In this study, we provide additional evidence for adipoeptihelial transdifferentiation by identifying cells with an intermediate phenotype that are positive for the master regulator of alveologenensis, Elf5 transcription factor [26]. Elf5 is further shown to be able to induce expression of the mammary marker gene whey acidic protein (Wap) [26] in cultured adipocytes and therefore established as one of the pioneering factors in adipoepithelial transdifferentiation. To shed more light on the molecular players responsible for this process occurring in the mammary gland during pregnancy, we finally designed a microarray study comparing cleared fat pads (mammary glands without epithelial component) and contralateral mammary tissue in virgin mice and at different stages of pregnancy. This yields a list of potential (paracrine) mediators of adipoepithelial transdifferentiation opening pathways to new discoveries.

Materials and Methods

Mouse Experiments

Animal experimentation was performed using CD1 mice housed in the Animal Facility (University of Ancona). Animal care, handling, and experimentation were performed in accordance with the Italian Institutional Guidelines and the local Ethical Committee. For microarray study, 60 female CD1 mice (3 weeks old) from in-house breeding were used. In each animal, the epithelial component of the fourth right mammary gland was removed to obtain a cleared fat pad, and the fourth left gland was subjected to a simple skin excision for control evaluations. At 10–15 weeks of age, mice that underwent appropriate mammary epithelial clearing, as revealed by whole-mount analysis [27] were mated and killed on pregnancy days 0, 10, 15, 17, 19 (6 mice/group) to collect tissue samples from cleared and control glands. Collected specimens were sampled for RNA extraction, microarray analysis, and morphological examination.

Immunohistochemistry

Tissue samples harvested from mice after transcardial perfusion with 4% paraformaldehyde/0.1% phosphate buffer, pH 7.4 were fixed at 4°C overnight in the same buffer, dehydrated, cleared, paraffin-embedded, and sectioned. Histological evaluation was performed on hematoxylin/eosin-stained sections.
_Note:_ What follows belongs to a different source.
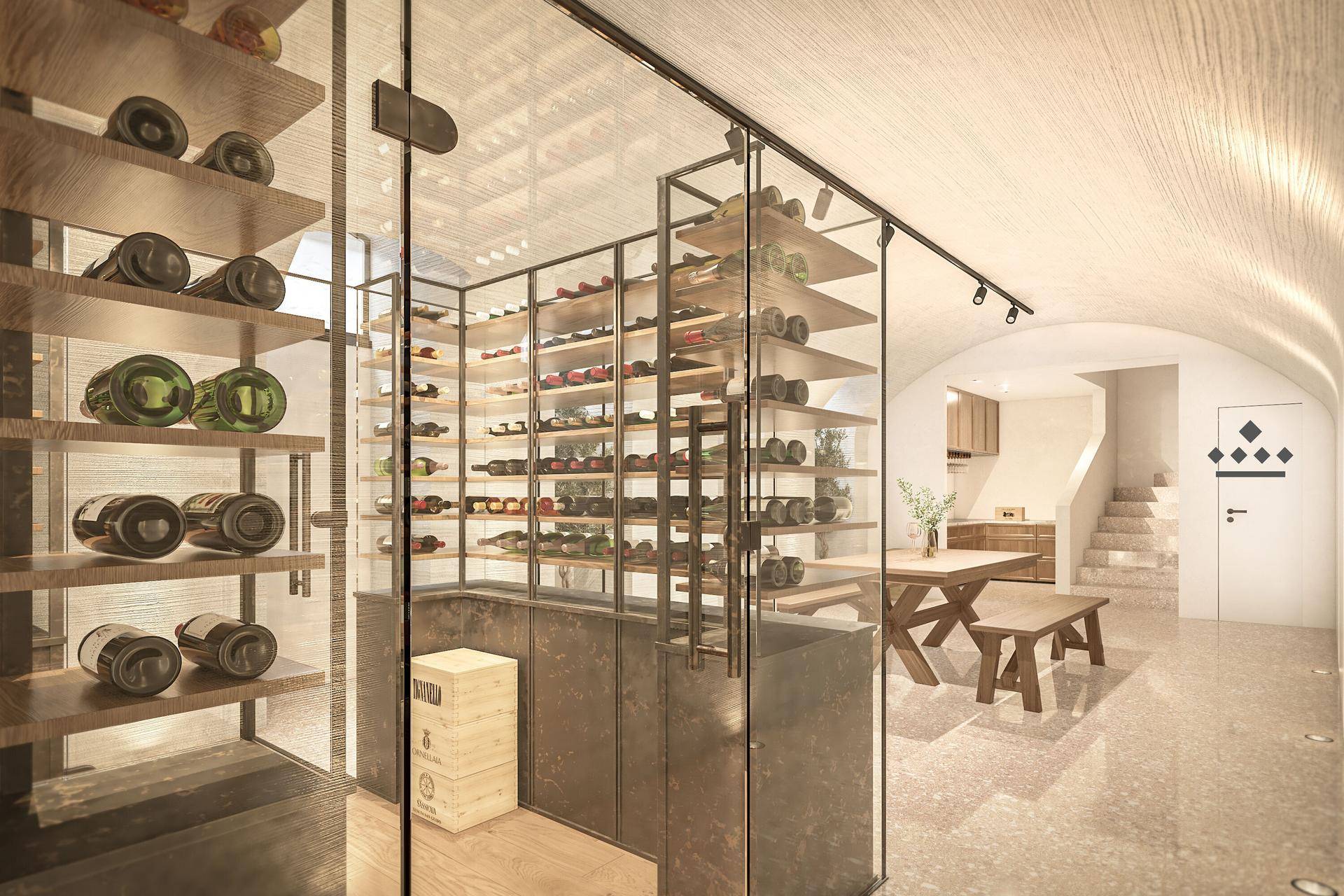 Apartment 1 bietet auf insgesamt drei Ebenen Raum für die ganze Familie. Angefangen im 1. Untergeschoß, wo sich der private, zur Wohnung gehörige, Weinkeller befindet - der Mittelpunkt jeder Feier oder jedes Zusammenkommens mit Freunden und Familie. Das Erdgeschoß stellt den Wohn- und Essbereich mit genügend Platz für eine offene Küche und großen Terrassentüren dar. Im 1. Obergeschoss befinden sich alle Schlafzimmer inklusive zwei Badezimmer samt WCs.

Immunohistochemistry was performed with the avidin–biotin–peroxidase complex (ABC) method [28] using goat-anti-rabbit IgG and rabbit-anti-goat IgG secondary antibodies and Vector’s Vectastain ABC Kit (Vector Laboratories, Peterborough, UK) and Sigma Fast 3.3′-diaminobenzidine substrate (Sigma-Aldrick S.r.l. Milan, Italy). Sections were hematoxylin counterstained. Tested primary antibodies: polyclonal rabbit anti-perilipin1, 1:300 dilution, and polyclonal rabbit anti-Adrp (Plin2), 1:150 dilution (both kindly provided by Prof. A. Greenberg, Tufts University, Boston); polyclonal rabbit anti-Wap (R-131)/(sc-25526), dilution 1:400, and polyclonal goat anti-Elf5 (N-20)/(sc-9645), dilution 1:300 (both from SantaCruz Biotechnology, Heidelberg, Germany).

Electron Microscopy

Mammary gland specimens were fixed in 2% glutaraldehyde–2% paraformaldehyde in 0.1 M phosphate buffer, postfixed in osmium tetroxide, dehydrated in acetone, and embedded in epoxy resin. Thin sections were obtained with an MTX ultramicrotome (RMC) and examined under a transmission electron microscope (CM10, Philips).

Microarray Experiments

RNA samples from cleared mammary fat pads and contralateral control tissue harvested on the indicated time points during pregnancy were pooled to yield 2–3 biological replicates and processed for microarray analysis [29]. Briefly, cleared and contralateral samples for each time point were indirectly labeled during reverse transcription and cohybridized on a cDNA microarray in a dye-swap configuration. Hybridization was performed in a 42°C water bath for >16h. Slides were washed and scanned using an Axon scanner. After pin-tip loess normalization [30] replicates were averaged and the data were submitted to NCBI GEO (GEO accession: GSE50447). K-means cluster analysis and generation of heatmaps was performed using Genesis [31].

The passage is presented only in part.